Stored dataset items
■ ■ ■ ■ ■ ■ ■

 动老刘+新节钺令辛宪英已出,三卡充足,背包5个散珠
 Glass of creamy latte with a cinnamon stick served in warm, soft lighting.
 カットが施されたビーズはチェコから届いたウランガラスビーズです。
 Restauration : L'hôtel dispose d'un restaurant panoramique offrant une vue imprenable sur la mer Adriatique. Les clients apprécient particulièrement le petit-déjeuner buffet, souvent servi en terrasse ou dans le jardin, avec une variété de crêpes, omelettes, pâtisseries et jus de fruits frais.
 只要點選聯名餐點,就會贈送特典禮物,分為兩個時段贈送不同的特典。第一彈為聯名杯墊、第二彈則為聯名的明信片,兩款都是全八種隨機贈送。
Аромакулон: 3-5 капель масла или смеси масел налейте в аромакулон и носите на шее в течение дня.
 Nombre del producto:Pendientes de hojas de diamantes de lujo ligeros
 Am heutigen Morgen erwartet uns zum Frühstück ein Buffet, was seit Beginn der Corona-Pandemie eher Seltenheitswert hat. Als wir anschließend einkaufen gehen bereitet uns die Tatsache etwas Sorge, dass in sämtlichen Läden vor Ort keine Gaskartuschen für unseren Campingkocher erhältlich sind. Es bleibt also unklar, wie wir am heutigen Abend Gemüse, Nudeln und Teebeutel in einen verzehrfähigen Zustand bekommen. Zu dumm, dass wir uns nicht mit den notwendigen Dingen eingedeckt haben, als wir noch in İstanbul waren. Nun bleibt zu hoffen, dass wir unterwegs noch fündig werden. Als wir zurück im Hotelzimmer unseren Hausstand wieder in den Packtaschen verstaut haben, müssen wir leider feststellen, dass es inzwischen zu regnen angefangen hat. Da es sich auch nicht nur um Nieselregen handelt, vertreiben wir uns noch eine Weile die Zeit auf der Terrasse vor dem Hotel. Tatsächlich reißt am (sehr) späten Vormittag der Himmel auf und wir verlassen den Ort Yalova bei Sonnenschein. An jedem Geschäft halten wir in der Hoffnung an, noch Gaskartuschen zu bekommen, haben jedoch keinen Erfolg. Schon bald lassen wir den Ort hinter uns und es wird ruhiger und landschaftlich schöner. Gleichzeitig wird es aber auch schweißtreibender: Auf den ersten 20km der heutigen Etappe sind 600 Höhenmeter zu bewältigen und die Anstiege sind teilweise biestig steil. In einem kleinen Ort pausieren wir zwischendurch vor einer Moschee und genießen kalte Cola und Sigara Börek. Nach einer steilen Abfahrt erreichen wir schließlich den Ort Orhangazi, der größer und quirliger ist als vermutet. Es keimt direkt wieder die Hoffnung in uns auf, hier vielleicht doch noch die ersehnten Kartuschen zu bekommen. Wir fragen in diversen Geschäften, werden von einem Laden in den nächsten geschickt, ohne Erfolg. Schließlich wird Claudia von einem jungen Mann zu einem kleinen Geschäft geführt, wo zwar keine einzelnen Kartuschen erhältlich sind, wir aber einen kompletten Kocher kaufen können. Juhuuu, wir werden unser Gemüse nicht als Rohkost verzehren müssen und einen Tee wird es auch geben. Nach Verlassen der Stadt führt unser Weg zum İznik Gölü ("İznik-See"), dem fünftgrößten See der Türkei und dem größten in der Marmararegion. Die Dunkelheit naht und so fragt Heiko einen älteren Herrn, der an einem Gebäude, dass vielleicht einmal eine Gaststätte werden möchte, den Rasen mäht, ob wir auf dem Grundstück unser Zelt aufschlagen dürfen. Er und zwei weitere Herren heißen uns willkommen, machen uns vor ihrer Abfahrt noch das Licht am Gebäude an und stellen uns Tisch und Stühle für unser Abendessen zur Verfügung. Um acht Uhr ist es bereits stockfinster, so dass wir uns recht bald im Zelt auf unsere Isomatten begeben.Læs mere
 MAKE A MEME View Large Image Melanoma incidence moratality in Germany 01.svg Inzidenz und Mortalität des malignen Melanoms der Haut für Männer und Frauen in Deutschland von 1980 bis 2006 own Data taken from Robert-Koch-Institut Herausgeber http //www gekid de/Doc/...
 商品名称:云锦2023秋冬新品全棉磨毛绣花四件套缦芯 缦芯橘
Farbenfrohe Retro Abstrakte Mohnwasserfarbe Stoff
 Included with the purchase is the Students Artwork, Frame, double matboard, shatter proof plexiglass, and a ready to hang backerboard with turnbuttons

■ ■ ■ ■ ■ ■ ■

HOW TO COMPLETE THIS TASK | The entire set of entries, and nothing else, should be set down exactly.

YOUR RESPONSE |
 动老刘+新节钺令辛宪英已出,三卡充足,背包5个散珠
 Glass of creamy latte with a cinnamon stick served in warm, soft lighting.
 カットが施されたビーズはチェコから届いたウランガラスビーズです。
 Restauration : L'hôtel dispose d'un restaurant panoramique offrant une vue imprenable sur la mer Adriatique. Les clients apprécient particulièrement le petit-déjeuner buffet, souvent servi en terrasse ou dans le jardin, avec une variété de crêpes, omelettes, pâtisseries et jus de fruits frais.
 只要點選聯名餐點,就會贈送特典禮物,分為兩個時段贈送不同的特典。第一彈為聯名杯墊、第二彈則為聯名的明信片,兩款都是全八種隨機贈送。
Аромакулон: 3-5 капель масла или смеси масел налейте в аромакулон и носите на шее в течение дня.
 Nombre del producto:Pendientes de hojas de diamantes de lujo ligeros
 Am heutigen Morgen erwartet uns zum Frühstück ein Buffet, was seit Beginn der Corona-Pandemie eher Seltenheitswert hat. Als wir anschließend einkaufen gehen bereitet uns die Tatsache etwas Sorge, dass in sämtlichen Läden vor Ort keine Gaskartuschen für unseren Campingkocher erhältlich sind. Es bleibt also unklar, wie wir am heutigen Abend Gemüse, Nudeln und Teebeutel in einen verzehrfähigen Zustand bekommen. Zu dumm, dass wir uns nicht mit den notwendigen Dingen eingedeckt haben, als wir noch in İstanbul waren. Nun bleibt zu hoffen, dass wir unterwegs noch fündig werden. Als wir zurück im Hotelzimmer unseren Hausstand wieder in den Packtaschen verstaut haben, müssen wir leider feststellen, dass es inzwischen zu regnen angefangen hat. Da es sich auch nicht nur um Nieselregen handelt, vertreiben wir uns noch eine Weile die Zeit auf der Terrasse vor dem Hotel. Tatsächlich reißt am (sehr) späten Vormittag der Himmel auf und wir verlassen den Ort Yalova bei Sonnenschein. An jedem Geschäft halten wir in der Hoffnung an, noch Gaskartuschen zu bekommen, haben jedoch keinen Erfolg. Schon bald lassen wir den Ort hinter uns und es wird ruhiger und landschaftlich schöner. Gleichzeitig wird es aber auch schweißtreibender: Auf den ersten 20km der heutigen Etappe sind 600 Höhenmeter zu bewältigen und die Anstiege sind teilweise biestig steil. In einem kleinen Ort pausieren wir zwischendurch vor einer Moschee und genießen kalte Cola und Sigara Börek. Nach einer steilen Abfahrt erreichen wir schließlich den Ort Orhangazi, der größer und quirliger ist als vermutet. Es keimt direkt wieder die Hoffnung in uns auf, hier vielleicht doch noch die ersehnten Kartuschen zu bekommen. Wir fragen in diversen Geschäften, werden von einem Laden in den nächsten geschickt, ohne Erfolg. Schließlich wird Claudia von einem jungen Mann zu einem kleinen Geschäft geführt, wo zwar keine einzelnen Kartuschen erhältlich sind, wir aber einen kompletten Kocher kaufen können. Juhuuu, wir werden unser Gemüse nicht als Rohkost verzehren müssen und einen Tee wird es auch geben. Nach Verlassen der Stadt führt unser Weg zum İznik Gölü ("İznik-See"), dem fünftgrößten See der Türkei und dem größten in der Marmararegion. Die Dunkelheit naht und so fragt Heiko einen älteren Herrn, der an einem Gebäude, dass vielleicht einmal eine Gaststätte werden möchte, den Rasen mäht, ob wir auf dem Grundstück unser Zelt aufschlagen dürfen. Er und zwei weitere Herren heißen uns willkommen, machen uns vor ihrer Abfahrt noch das Licht am Gebäude an und stellen uns Tisch und Stühle für unser Abendessen zur Verfügung. Um acht Uhr ist es bereits stockfinster, so dass wir uns recht bald im Zelt auf unsere Isomatten begeben.Læs mere
 MAKE A MEME View Large Image Melanoma incidence moratality in Germany 01.svg Inzidenz und Mortalität des malignen Melanoms der Haut für Männer und Frauen in Deutschland von 1980 bis 2006 own Data taken from Robert-Koch-Institut Herausgeber http //www gekid de/Doc/...
 商品名称:云锦2023秋冬新品全棉磨毛绣花四件套缦芯 缦芯橘
Farbenfrohe Retro Abstrakte Mohnwasserfarbe Stoff
 Included with the purchase is the Students Artwork, Frame, double matboard, shatter proof plexiglass, and a ready to hang backerboard with turnbuttons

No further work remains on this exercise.